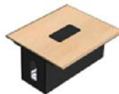
EXT34 x Qty
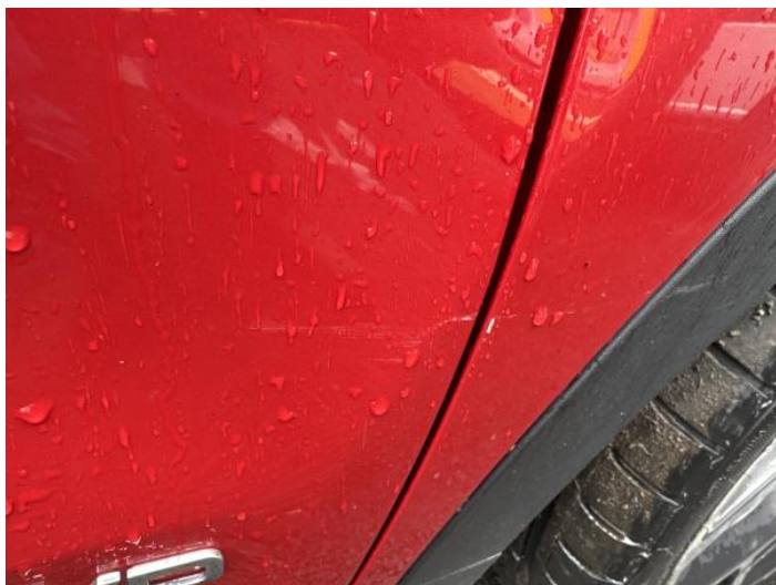
1: Wing of Scratched Over 25mm Thru Paint
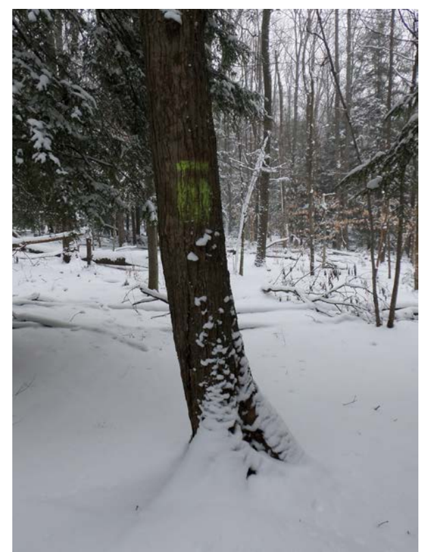
More than 100 'trail blazes' were recently painted on trees along the Hickory Creek Wilderness trail, in the pictured example using day-glo green paint. Visitors should not take it upon themselves to paint blazes along the Hickory Creek Wilderness trail. This significantly detracts from the wilderness experience and is against the law.

Forest Service, offenses associated with damaging any natural resource or property of the federal government, including timber. Title 18 of the United States Code, Section 1361, is the most common statute used to prosecute violators. The penalties for violations of this Section are tied to the extent of the property damage. If the damage exceeds $100, the defendant is subject to a fine of up to $250,000, ten years imprisonment, or both. When property damage does not exceed $100, the offense is a misdemeanor punishable by a fine of up to $100,000, one year imprisonment, or both.
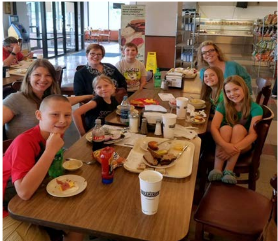
The Temple's first session GUCI campers and their moms shared lunch at Shapiro's Deli in Indianapolis before drop-off in June at Goldman Union Camp Institute in Zionsville.

I look forward to meeting more Temple members and working with the rabbi, staff, and congregants.
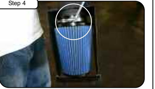
Place the new air filter inside the new housing and tighten the clamp. Next attach the front splash guard to the front of the housing. Secure with the provided screws.
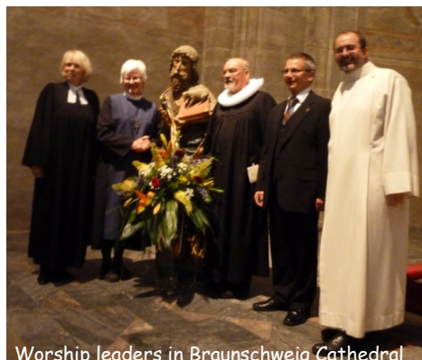
Worship leaders in Braunschweig Cathedral
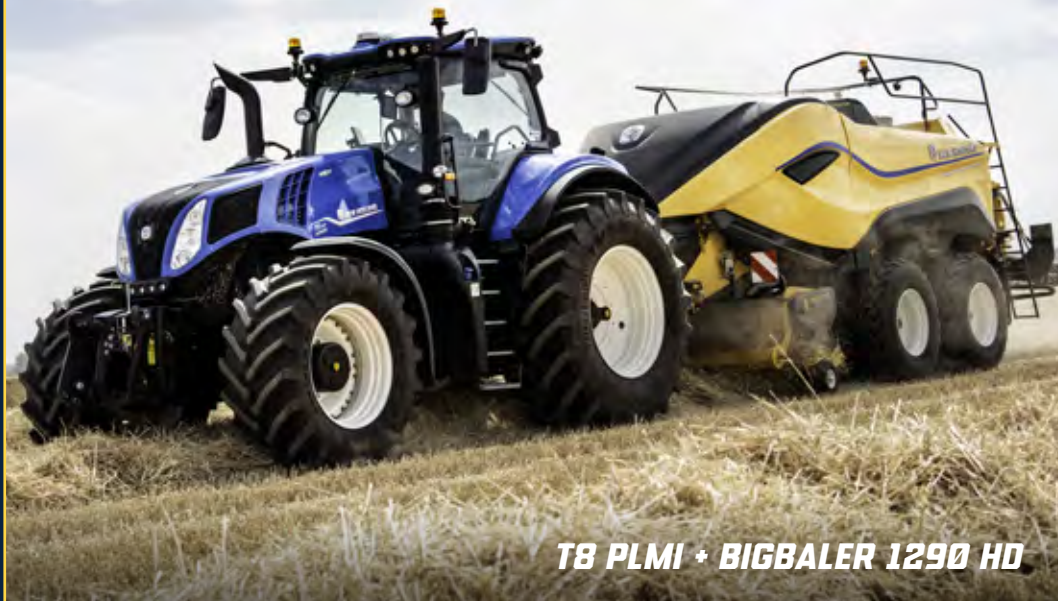
T8 PLMI + BIGBALER 1290 HD
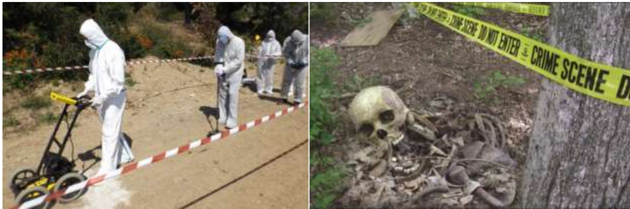
Fig 1. Applications of forensic geology: geological search for a burial (left) and crime scene examination (right)
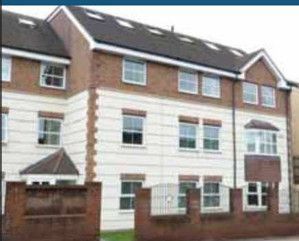
Whyteleafe - £274,950

A two bedroom modern, ground floor apartment with own private garden and allocated parking space. Spacious lounge/dining room with open plan kitchen. En-suite shower room to master bedroom. Close to two train stations and within walking distance of local amenities.
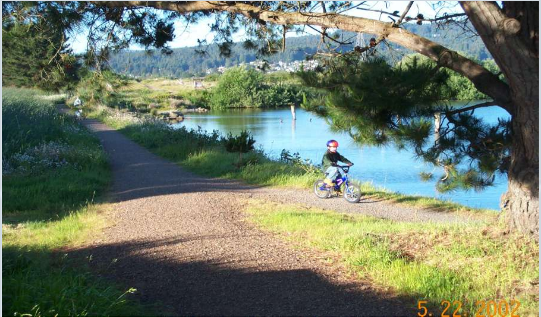
A young visitor
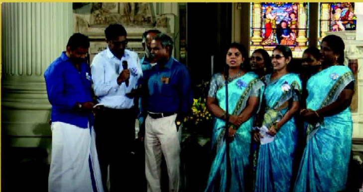
The Parents of Egmore ASHA praising God
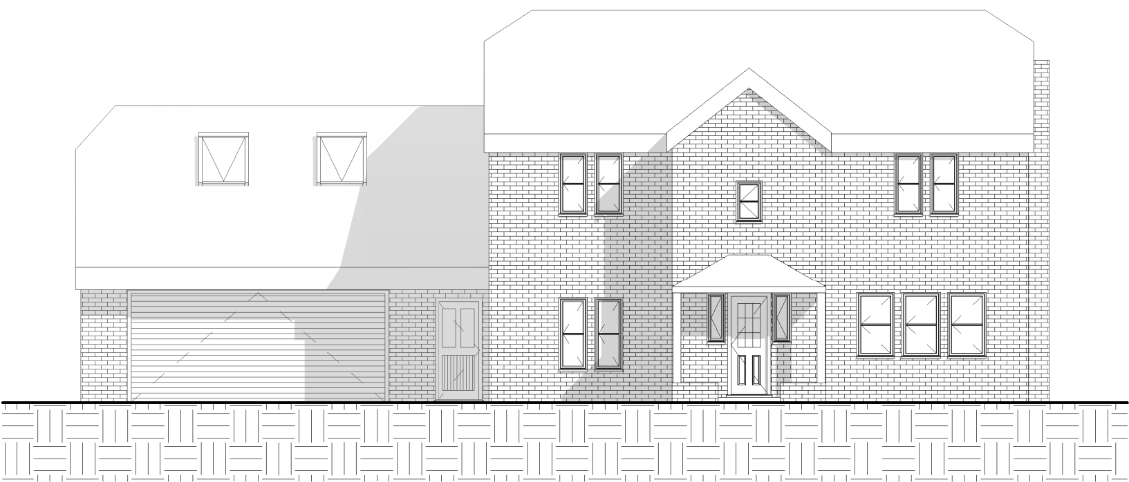
4 PROPOSED EAST 1 : 100
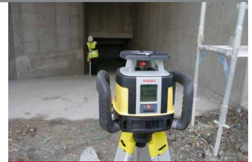
HORIZONTAL, VERTICAL & FULLY-AUTOMATIC DUAL GRADE WITH DIAL-IN
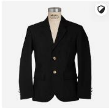
Men's Long Gabardine Blazer
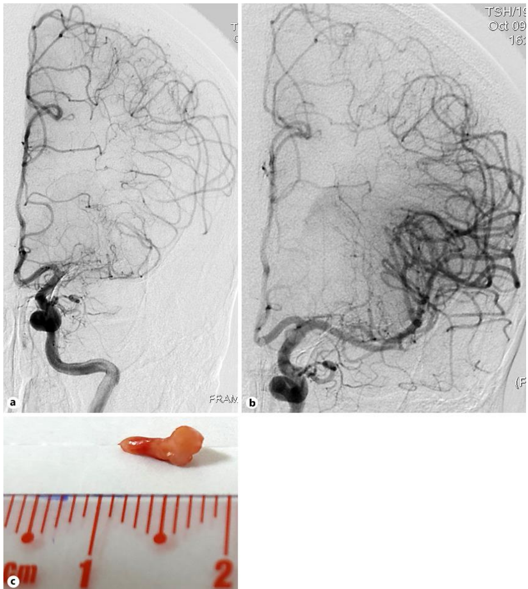
Fig. 3. Before and after MT. a Occlusion of the proximal M1 MCA. b After recanalization: complete reperfusion TICI 3. c Clot specimen removed from the M1 segment. MCA, middle cerebral artery; MT, mechanical thrombectomy.
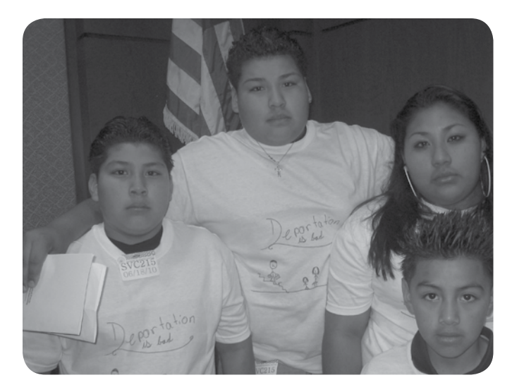
Countless children live with the trauma of separation from detained or deported immigrant parents.

unnecessarily vulnerable positions and can create de facto permanent separation. ICE has the capacity to arrange for family reunification prior to deportation, and can arrange for transportation of families on commercial carriers when necessary.
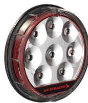
Part Number 0347861 12-24V DOT LED Non- Heated Stop & Tail Light
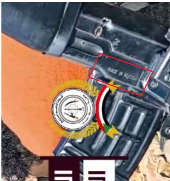
Screenshot of video highlighting "Made in Russia" markings on a Tigr DMR used by the RSF. 96

Tigr DMRs have been spotted in official RSF videos shot in South, East 97 and West Darfur 98 , in addition to West Khordofan, 99 Khartoum, Omdurman and other locations. 100 While it is impossible to verify when these models were manufactured and transferred - Tigr variants have been produced since the late 1960's - based on several physical features, including buttstock variants, polymer furniture, and their general condition, several Tigr DMRs seen in videos are likely to be relatively recent purchases. Only physical inspection and tracing of the serial numbers on these Tigr DMRs would allow confirmation of this finding.
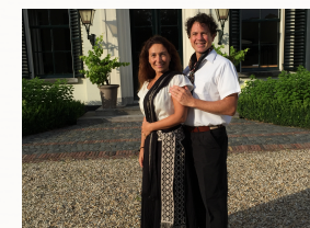
Gauchos clothing one of Argentina's cultural icons

To expand your wine experience we offer travel packages to the wine destinations in Argentina. Whether you want to know a far away land that hosts one of the best wine regions in the world, get excited to create your own wine and label or even invest in your own terroir or exclusive wine, this service is a must do for you and your friend and family.
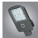
LED Street Light
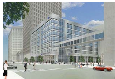
Rendering of the New Cuyahoga County Headquarters

A real estate consultant was selected to review this inventory and recommend dispositions: to reinvest in and upgrade; divest from; or simply maintain each of the 66 individual assets based on the asset's individual state and function within county operations. Those various recommendations revealed that the county could potentially save $84 million over 20 years through consolidating operations at a new headquarters and acquiring dedicated storage facilities. Savings was not the only significant factor to push toward consolidation. The county also had a desire to shape the neighborhoods where 13 buildings were offered for sale while having a positive impact on the surroundings of a proposed headquarters site.
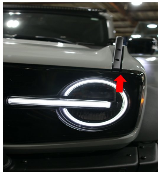
TOO MUCH GAP FROM FENDER
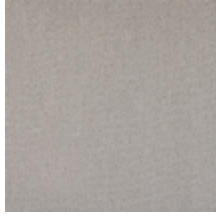
0657-02 ATHENA - BEIGE
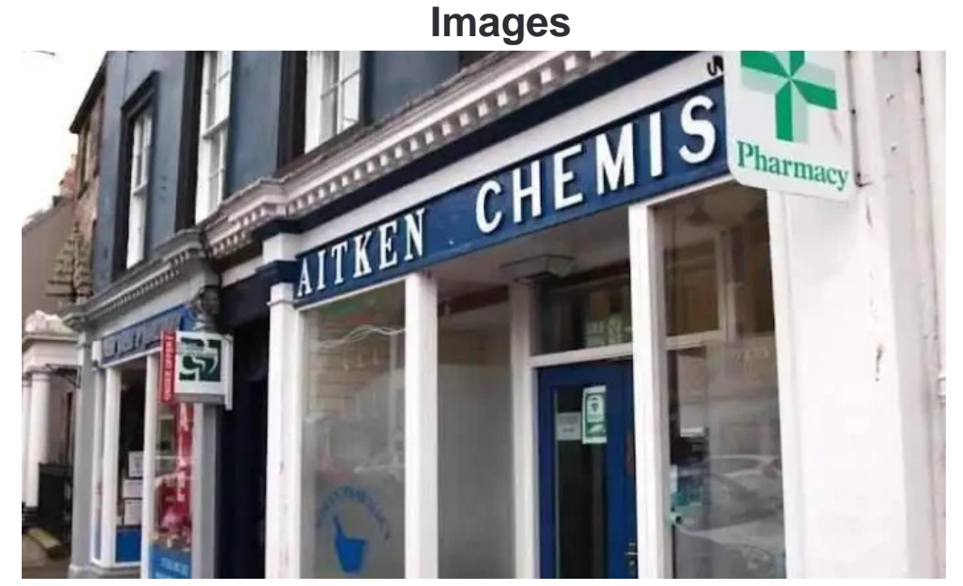
Aitken pharmacy alphega pharmacy dunbar

If you wish to update any element that you think is incorrect about this portal, we kindly request send us a message so that we will handle it quickly. Thank you in advance thanks.
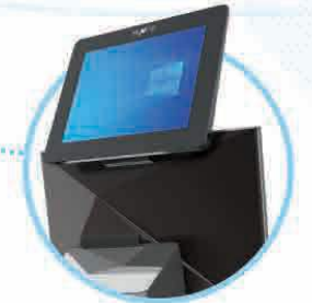
Upward Facing Display
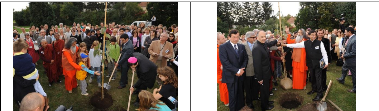
Planting a Peace Tree in October 2009 in Szombathely, with the Town Mayor and participants of the World Peace Summit

János Áder, President of Hungary invited Swamiji to an outstanding event in Hungary in 2013, the Budapest Water Summit.
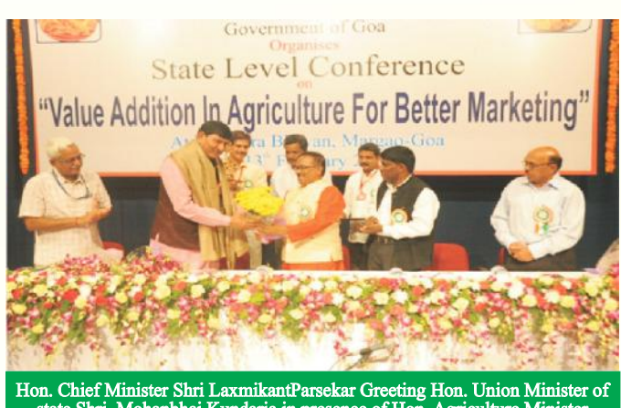
Hon. Chief Minister Shri LaxmikantParsekar Greeting Hon. Union Minister of state Shri. Mohanbhai Kundaria in presence of Hon. Agriculture Minister Shri. Ramesh Tawadkar.

1200 delegates from all the parts of state attended conference on Value addition on 13th February 2016. The value addition conference was inaugurated by Hon, Chief Minister Shri. LaxmikantParsekar in presence of Hon.Union Minister of State for Agriculture Shri.MohanbhaiKundaria and Hon. Agriculture Minister Shri Ramesh Tawadkar. Different value added products were displayed and talks were given by various faculties on value addition.
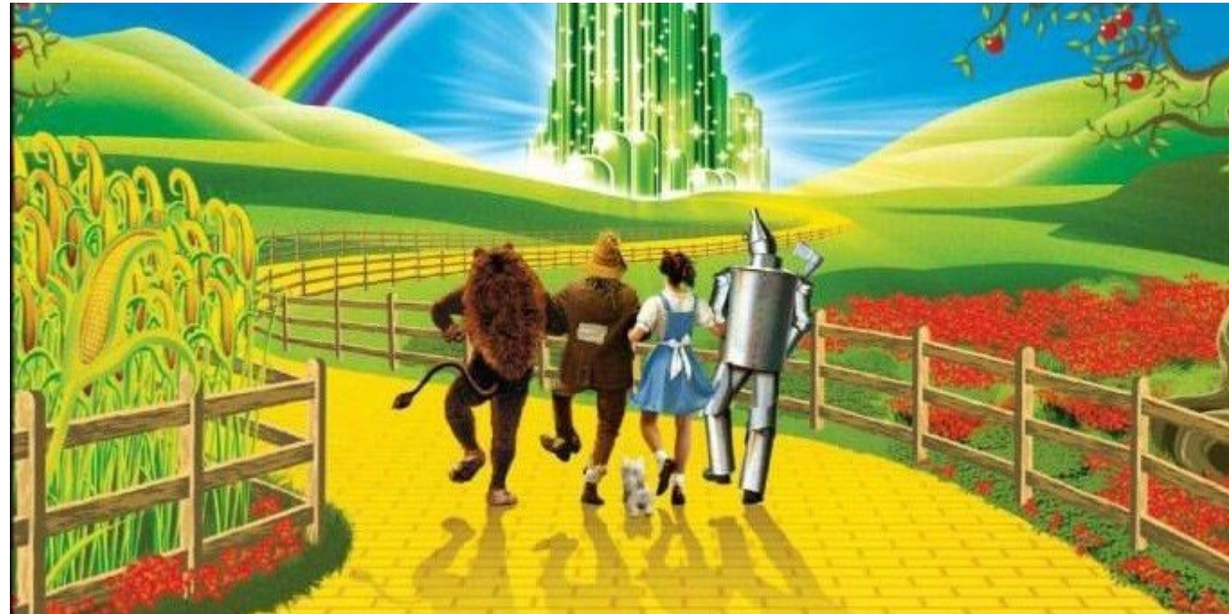
The yellow brick road, The Wizard of Oz by L. Frank Baum

_ _ _ _

• _Assignment_:
Leaving out the pictures, output the listing above exactly as given.

• _Answer for the task_:
EXT34 x Qty
1: Wing of Scratched Over 25mm Thru Paint
More than 100 'trail blazes' were recently painted on trees along the Hickory Creek Wilderness trail, in the pictured example using day-glo green paint. Visitors should not take it upon themselves to paint blazes along the Hickory Creek Wilderness trail. This significantly detracts from the wilderness experience and is against the law.

Forest Service, offenses associated with damaging any natural resource or property of the federal government, including timber. Title 18 of the United States Code, Section 1361, is the most common statute used to prosecute violators. The penalties for violations of this Section are tied to the extent of the property damage. If the damage exceeds $100, the defendant is subject to a fine of up to $250,000, ten years imprisonment, or both. When property damage does not exceed $100, the offense is a misdemeanor punishable by a fine of up to $100,000, one year imprisonment, or both.
The Temple's first session GUCI campers and their moms shared lunch at Shapiro's Deli in Indianapolis before drop-off in June at Goldman Union Camp Institute in Zionsville.

I look forward to meeting more Temple members and working with the rabbi, staff, and congregants.
Place the new air filter inside the new housing and tighten the clamp. Next attach the front splash guard to the front of the housing. Secure with the provided screws.
Worship leaders in Braunschweig Cathedral
T8 PLMI + BIGBALER 1290 HD
Fig 1. Applications of forensic geology: geological search for a burial (left) and crime scene examination (right)
Whyteleafe - £274,950

A two bedroom modern, ground floor apartment with own private garden and allocated parking space. Spacious lounge/dining room with open plan kitchen. En-suite shower room to master bedroom. Close to two train stations and within walking distance of local amenities.
A young visitor
The Parents of Egmore ASHA praising God
4 PROPOSED EAST 1 : 100
HORIZONTAL, VERTICAL & FULLY-AUTOMATIC DUAL GRADE WITH DIAL-IN
Men's Long Gabardine Blazer
Fig. 3. Before and after MT. a Occlusion of the proximal M1 MCA. b After recanalization: complete reperfusion TICI 3. c Clot specimen removed from the M1 segment. MCA, middle cerebral artery; MT, mechanical thrombectomy.
Countless children live with the trauma of separation from detained or deported immigrant parents.

unnecessarily vulnerable positions and can create de facto permanent separation. ICE has the capacity to arrange for family reunification prior to deportation, and can arrange for transportation of families on commercial carriers when necessary.
Part Number 0347861 12-24V DOT LED Non- Heated Stop & Tail Light
Screenshot of video highlighting "Made in Russia" markings on a Tigr DMR used by the RSF. 96

Tigr DMRs have been spotted in official RSF videos shot in South, East 97 and West Darfur 98 , in addition to West Khordofan, 99 Khartoum, Omdurman and other locations. 100 While it is impossible to verify when these models were manufactured and transferred - Tigr variants have been produced since the late 1960's - based on several physical features, including buttstock variants, polymer furniture, and their general condition, several Tigr DMRs seen in videos are likely to be relatively recent purchases. Only physical inspection and tracing of the serial numbers on these Tigr DMRs would allow confirmation of this finding.
Gauchos clothing one of Argentina's cultural icons

To expand your wine experience we offer travel packages to the wine destinations in Argentina. Whether you want to know a far away land that hosts one of the best wine regions in the world, get excited to create your own wine and label or even invest in your own terroir or exclusive wine, this service is a must do for you and your friend and family.
LED Street Light
Rendering of the New Cuyahoga County Headquarters

A real estate consultant was selected to review this inventory and recommend dispositions: to reinvest in and upgrade; divest from; or simply maintain each of the 66 individual assets based on the asset's individual state and function within county operations. Those various recommendations revealed that the county could potentially save $84 million over 20 years through consolidating operations at a new headquarters and acquiring dedicated storage facilities. Savings was not the only significant factor to push toward consolidation. The county also had a desire to shape the neighborhoods where 13 buildings were offered for sale while having a positive impact on the surroundings of a proposed headquarters site.
TOO MUCH GAP FROM FENDER
0657-02 ATHENA - BEIGE
Aitken pharmacy alphega pharmacy dunbar

If you wish to update any element that you think is incorrect about this portal, we kindly request send us a message so that we will handle it quickly. Thank you in advance thanks.
Upward Facing Display
Planting a Peace Tree in October 2009 in Szombathely, with the Town Mayor and participants of the World Peace Summit

János Áder, President of Hungary invited Swamiji to an outstanding event in Hungary in 2013, the Budapest Water Summit.
Hon. Chief Minister Shri LaxmikantParsekar Greeting Hon. Union Minister of state Shri. Mohanbhai Kundaria in presence of Hon. Agriculture Minister Shri. Ramesh Tawadkar.

1200 delegates from all the parts of state attended conference on Value addition on 13th February 2016. The value addition conference was inaugurated by Hon, Chief Minister Shri. LaxmikantParsekar in presence of Hon.Union Minister of State for Agriculture Shri.MohanbhaiKundaria and Hon. Agriculture Minister Shri Ramesh Tawadkar. Different value added products were displayed and talks were given by various faculties on value addition.
The yellow brick road, The Wizard of Oz by L. Frank Baum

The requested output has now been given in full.